London | Reliability of its disputed vaccine, bickering with the EU over delivery delays and possible disputes: AstraZeneca’s coronavirus vaccine has turned into a headache for the Anglo-Swedish laboratory.
A few weeks ago, AstraZeneca was applauded for the speed of the development of a vaccine expected as one of the major turning points in the fight against the Covid-19 pandemic, especially as it is easier to transport and less expensive than rival Pfizer / BioNTech serum.
In addition, the group led by Frenchman Pascal Soriot has promised to provide the vaccine at cost so as not to profit from the pandemic.
Today he finds himself the target of the European Union’s ire for delays in vaccine delivery, and the European authorities have published the contract signed with the laboratory to remind him of his commitment to “produce 300 million doses of vaccine, without benefiting or suffering losses ”.
An inspection of a Belgian factory took place at the request of the European Commission to examine the “drop in yield” argument put forward by the pharmaceutical giant.
Italy has even gone so far as to wave the scarecrow of lawsuits – which would also target Pfizer – to “recover the promised doses”.
These tensions come as AstraZeneca obtained EU authorization for its vaccine on Friday.
The effectiveness of the serum is however questioned by the German authorities for those over 65 years old.
“The deteriorating relations with the European Union could have negative repercussions on the pharmaceutical group,” said the Financial Times on Friday.
“None of the parties emerges in a particularly flattering light” from these dissensions “which shows why the prospect of nationalism around vaccines is worrying”, noted Michael Hewson, analyst at CMC Markets, interviewed by AFP.

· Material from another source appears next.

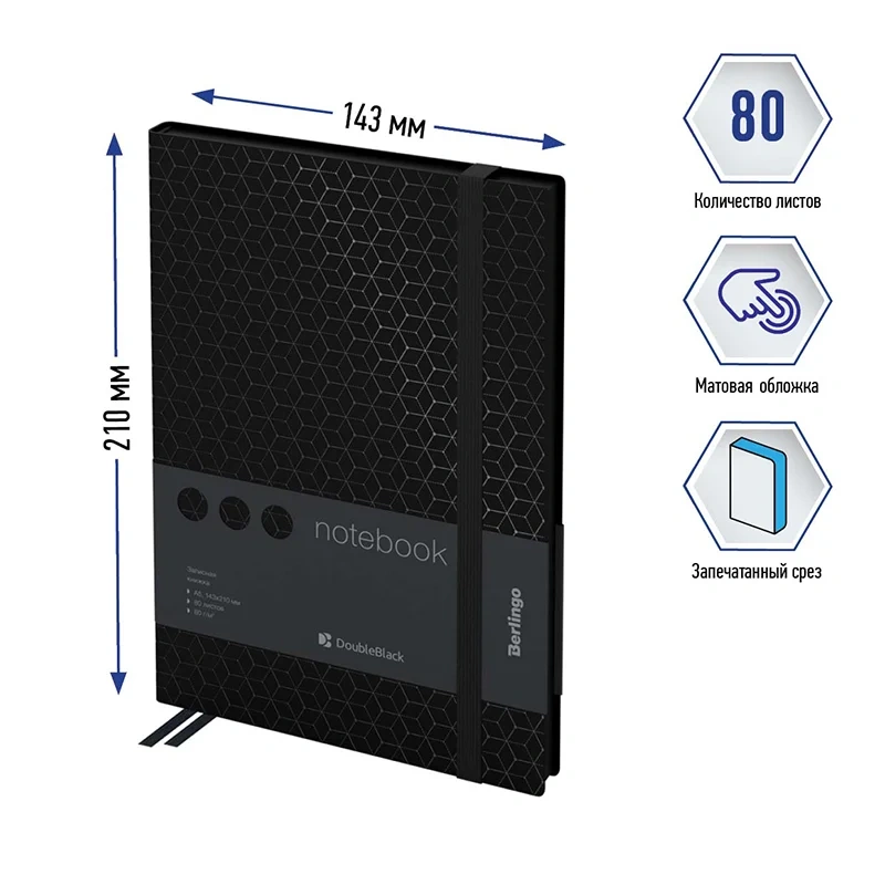 Стильные записные книжки Berlingo 'DoubleBlack' с полужесткой обложкой из высококачественного soft-touch кожзаменителя с черным срезом. Вертикальная фиксирующая резинка увеличенной толщины 9мм. Цвет обложки - черный. Имиджевый рисунок лаком по всей площади обложки. Внутренний карман для хранения заметок и мелочей. Внутренний блок из 80 листов высокачественной кремовой бумаги повышенной плотности 80 г/м. Перфорированные уголки блока. 2 закладки-ляссе. Прошитый блок. Подходит под персонализацию.

In addition, he notes, if the EU “follows through on its threats to block the export” of the vaccine produced on its territory, this could lead to aftershocks in other countries, and in particular in the United Kingdom in case where the country which has just left the European market sees its supply in turn slow down.
The agreement with the EU ensures that AstraZeneca will do “its best” to increase its production capacities, while recalling that compliance with the contract constitutes for it “a legal, valid and binding obligation”, according to the text. published by the Commission, without certain passages.
Even if the group does not make a profit, “it remains a classic contract”, underlines David Greene, partner of the firm Edwin Coe and president of the Law Society of the United Kingdom.
Mr. Greene, interviewed by AFP, underlines that the contract with the EU comes under Belgian law and that this legislation is therefore authentic.
If AstraZeneca does not demonstrate that it “makes the best reasonable efforts” to meet its commitments, it could have breached its contract and risk potential lawsuits, assures the lawyer.
Russ Mold, analyst for the online broker AJ Bell, however puts the financial consequences for the laboratory into perspective: “despite the German questions and the apparent lack of will on the part of the FDA (the American drug authority) to approve the vaccine, a lot of other countries seem to want to continue using it, including the UK ”.
In addition, the fact that the vaccine is sold at a low price “should therefore not have an impact on expected earnings” and a recent decline in the share seems, according to Mr. Mold, to be more linked “to investors’ questions about the ‘contemplated $ 39 billion acquisition of Alexion’.
Susannah Streeter, analyst at Hargreaves Lansdown, believes for its part that the race for serum to stem the pandemic has allowed the group to “gain expertise in vaccines, which it lacked until then.”
“Government disputes over supply (…) should not cause lasting damage to its reputation but draw attention to the important contribution of the company to seeing the light at the end of the containment tunnel”, she concludes.